Wright’s own research focuses on the genes that play a role in the very early decisions of a cell to become pancreas instead of stomach or intestines-and after that, to become an insulin-secreting beta cell versus one of the other pancreatic cell types. His findings are “pointing to a new theory of how stem cells decide to turn into downstream cell types,” he said. It’s not just a combination of certain transcription factors, but the relative concentrations of those factors as well.
“We hope that if we can understand the normal processes that determine cell fate, then we can take those programs and put them into an embryonic stem cell or other cell type to send that cell through exactly the same type of program,” Wright said. He cautions that — despite current excitement and optimism — much remains to be learned before stem cell therapies become reality.
“There’s definitely going to be fantastic progress with stem cells,” Wright said. “But if we plan to engineer stem cells for replacement therapies, we first have to understand how the entire process of becoming a pancreas is controlled and regulated. Otherwise things might go wrong that we’re surprised about.”

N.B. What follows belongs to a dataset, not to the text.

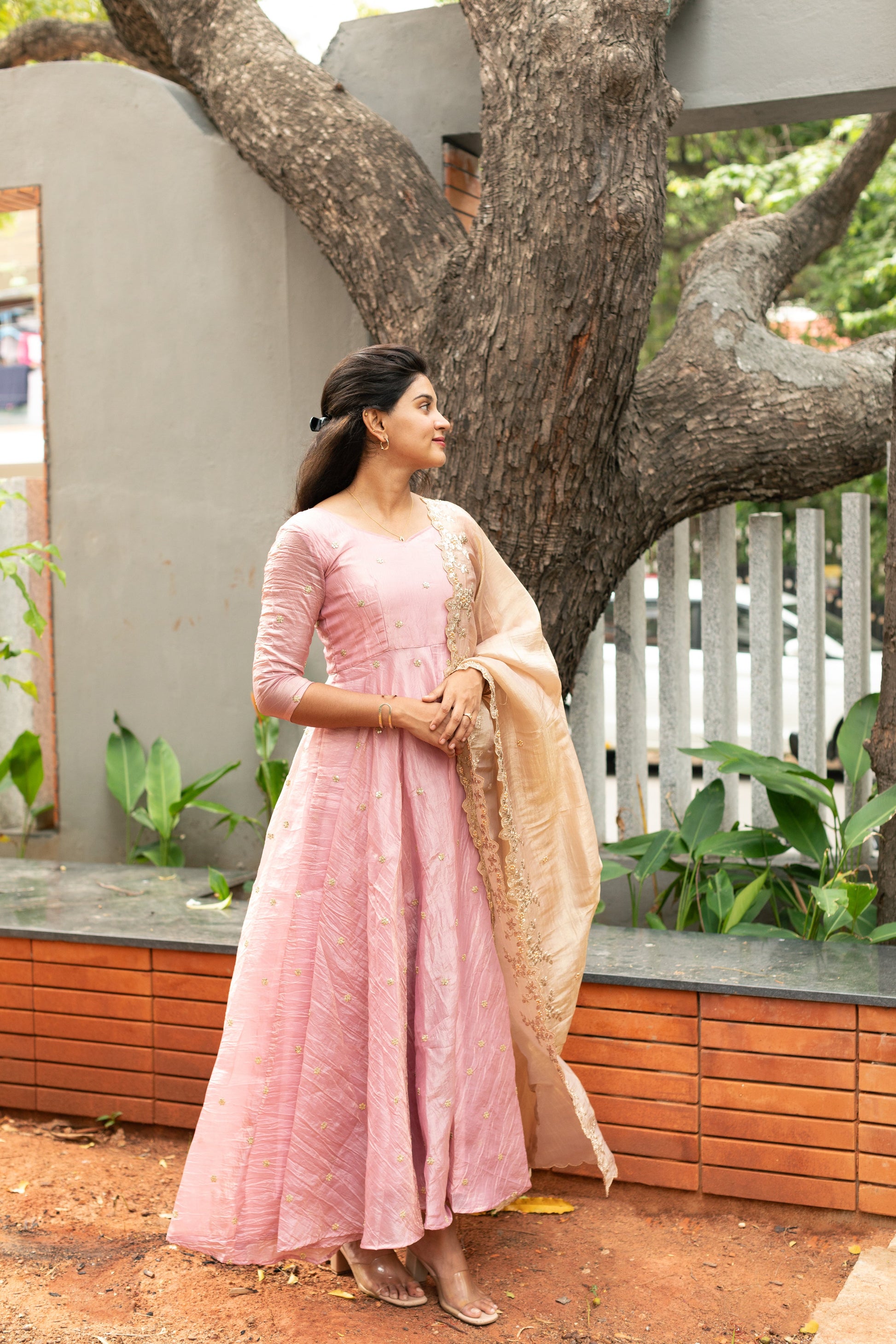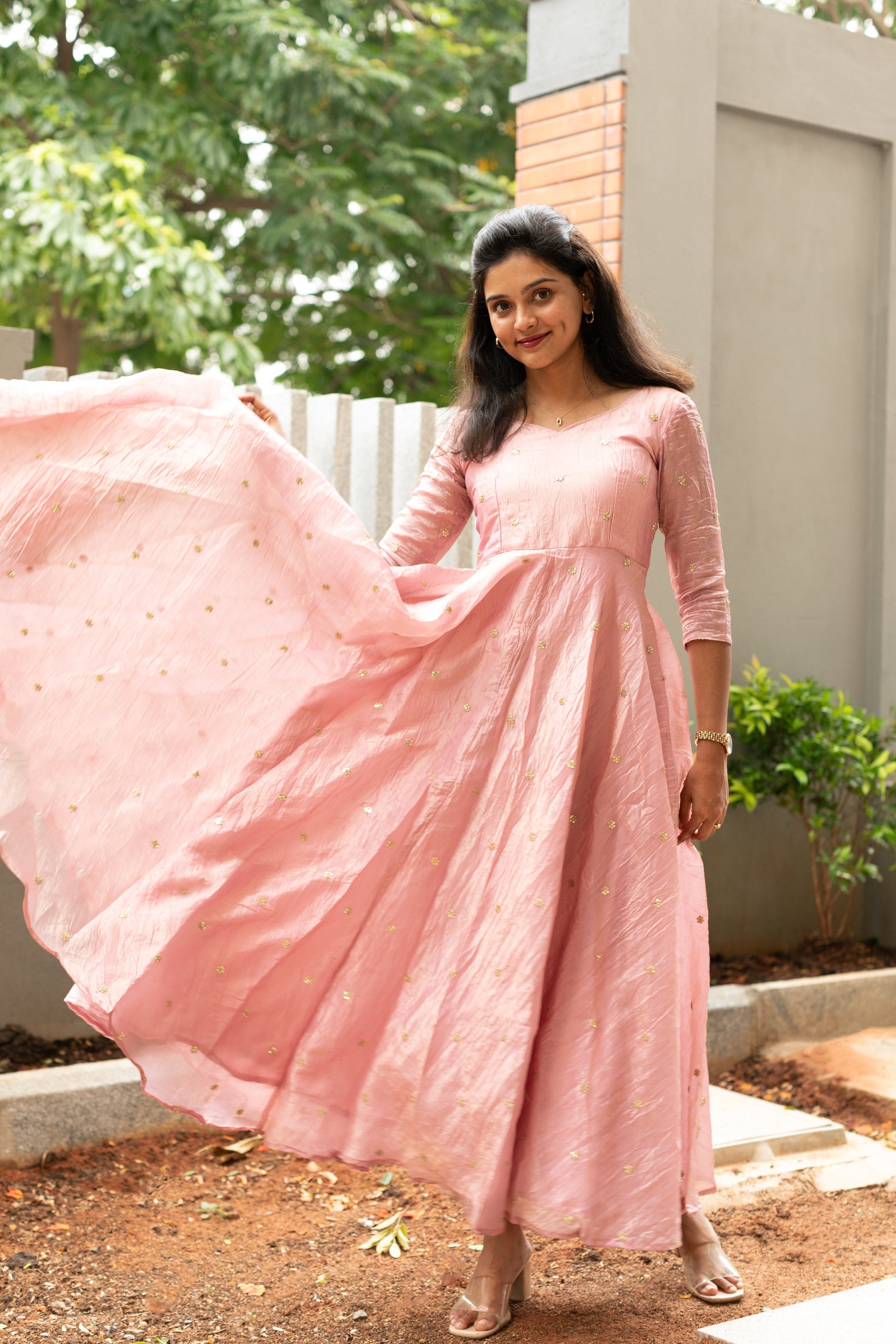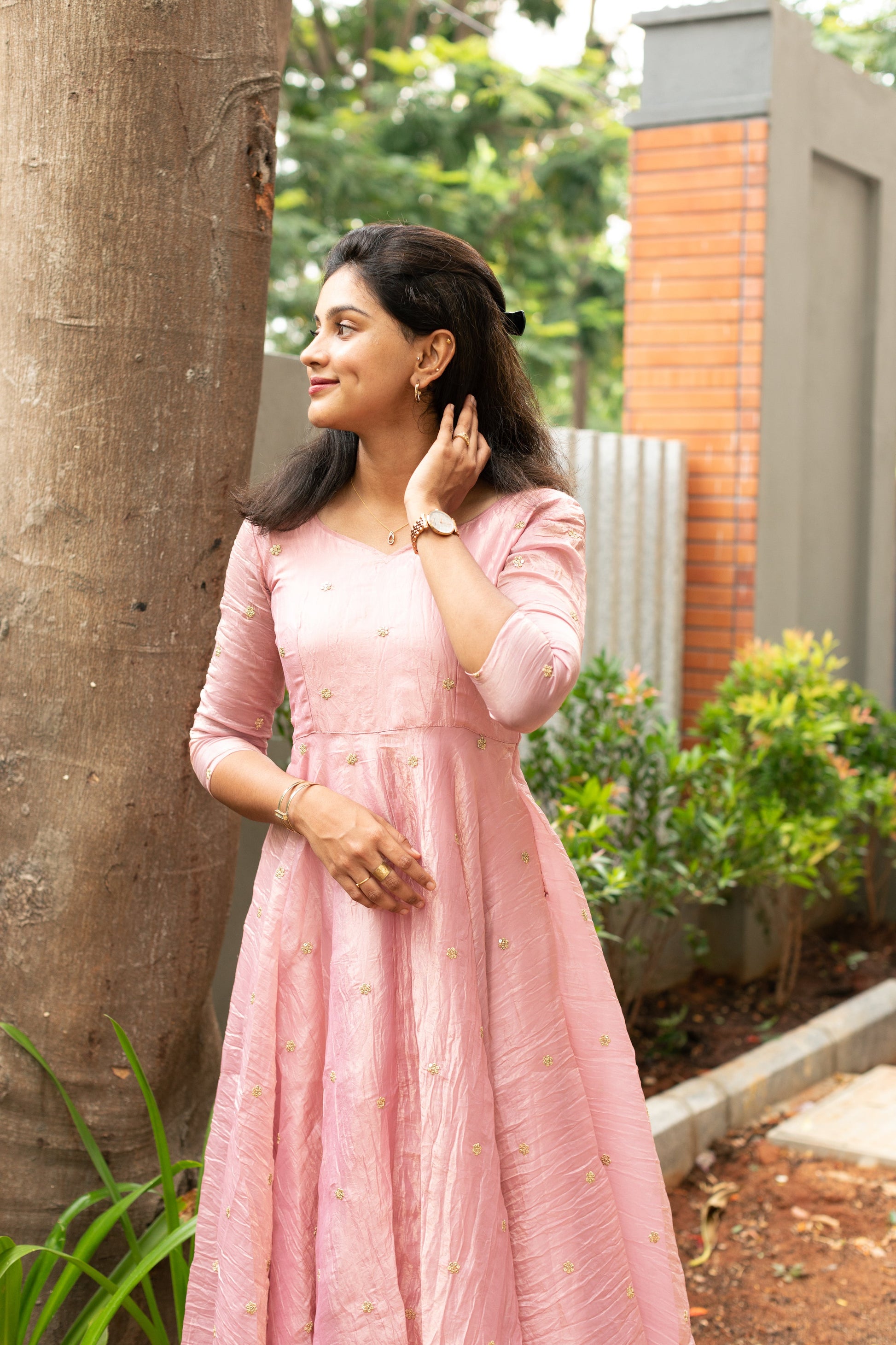 Beautiful baby pink crushed tissue dress with small gold buttas embroidered all over the body; made in our classic fit-and-flare silhouette. Lining provided.

In addition to the wealth of resources available within the Beta Cell Biology Consortium, the new group will draw on the efforts of a recent NIH initiative called “Functional Genomics of the Developing Pancreas.” The goal of that program has been to identify all of the genes expressed over the life span of the beta cell in mice and humans. The gene set will be used to generate pancreas-specific microarrays — gene chips that can be used to study which genes are turned “on” or “off” in pancreatic cells. Vanderbilt’s NIDDK Biotechnology Center, under the direction of Dr. Alfred L. George Jr., Grant W. Liddle Professor of Medicine, has begun to produce some of these pancreas-specific gene chips, Magnuson said.
Magnuson and Wright expect that Vanderbilt will also play a prominent role in engineering new mouse models, important for the study of pancreas formation and diabetes. Vanderbilt investigators have made particular strides in using site-specific recombinases to generate tissue specific gene knockouts and to even target DNA fragments back into specific locations of a gene. “We’re in a really good situation with respect to methodologies and technologies for manipulating the mouse genome because of the efforts that have gone into building multiple outstanding core facilities such as the Transgenic/ES Cell Shared Resource,” Magnuson said.

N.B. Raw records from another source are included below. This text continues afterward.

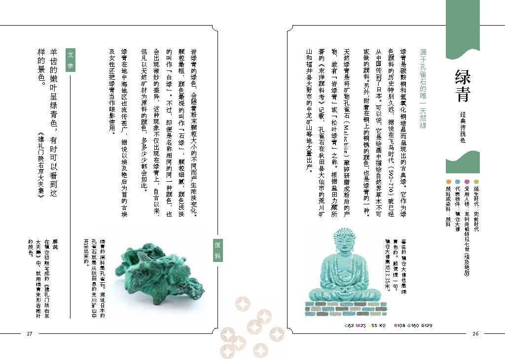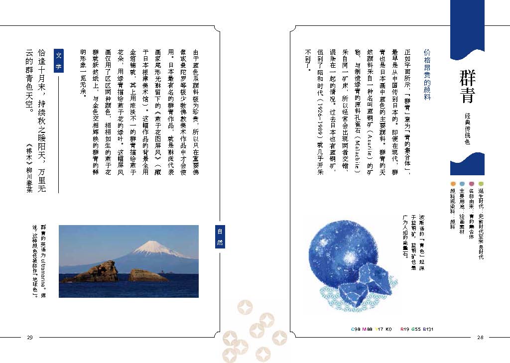 在通過(guò)化學(xué)合成來(lái)生成色彩的今天,人們或許很難理解色彩本身被賦予的意義。 但是,只要我們洞悉了色彩的來(lái)源和先人的感性,或許就會(huì)發(fā)現(xiàn):原來(lái)我們身邊的色彩都是在大自然中孕育而生的,而我們也生活在無(wú)需日歷和時(shí)鐘的大自然之中……”
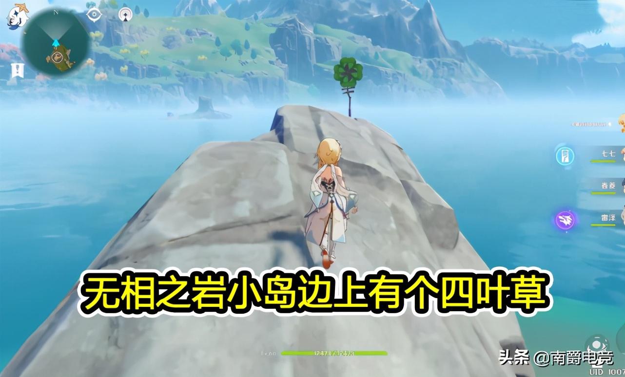 第一种是瑶光滩右侧有一个传送点,到这里之后就可以慢慢游过去,或者是用冰系技能慢慢冻河面走过去,这种方式比较慢,还有第二种更简单一些的方式,来到无相之岩的挑战地点,也就是孤云阁传送点右边的那个岛上,在无相之岩的悬崖地带,有一个绿色的四叶草,这个四叶草很偏僻,在突出的一块岩石最边上,走近了才能看清。
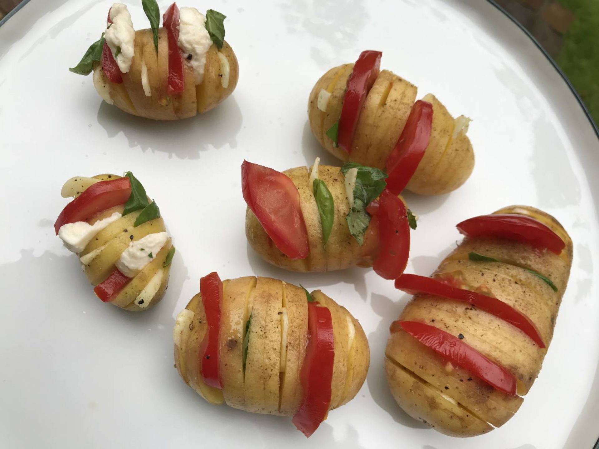 Kartoffeln alle 3 bis 5 mm mit einem scharfen Messer zu ¾ einschneiden und die Schlitze füllen mit dünn gehobeltem Knoblauch, blättrig geschnittenen Champignons, dünnen Streifen Paprika und/oder Basilikumblättchen anderen Kräutern, Mozzarella, oder ...

Translation of diabetes research findings into improved patient care has an exciting track record, internationally and at Vanderbilt, and a promising future, according to Dr. Steven G. Gabbe, dean of the School of Medicine.
“Since the discovery of insulin in 1921, great strides have been made in our efforts to normalize blood glucose in individuals with diabetes mellitus, including blood glucose meters, new insulins, and insulin pumps,” Gabbe said. “At Vanderbilt, we are committed to providing the most advanced level of care for our patients with diabetes now and in the future. In the near future, that includes the creation of a multi-disciplinary Diabetes Treatment Center. And, hopefully, in the not-too-distant future, through the efforts of Drs. Magnuson, Stein, Wright, and Piston and the Beta Cell Biology Consortium, offering a cure through beta cell transplantation.”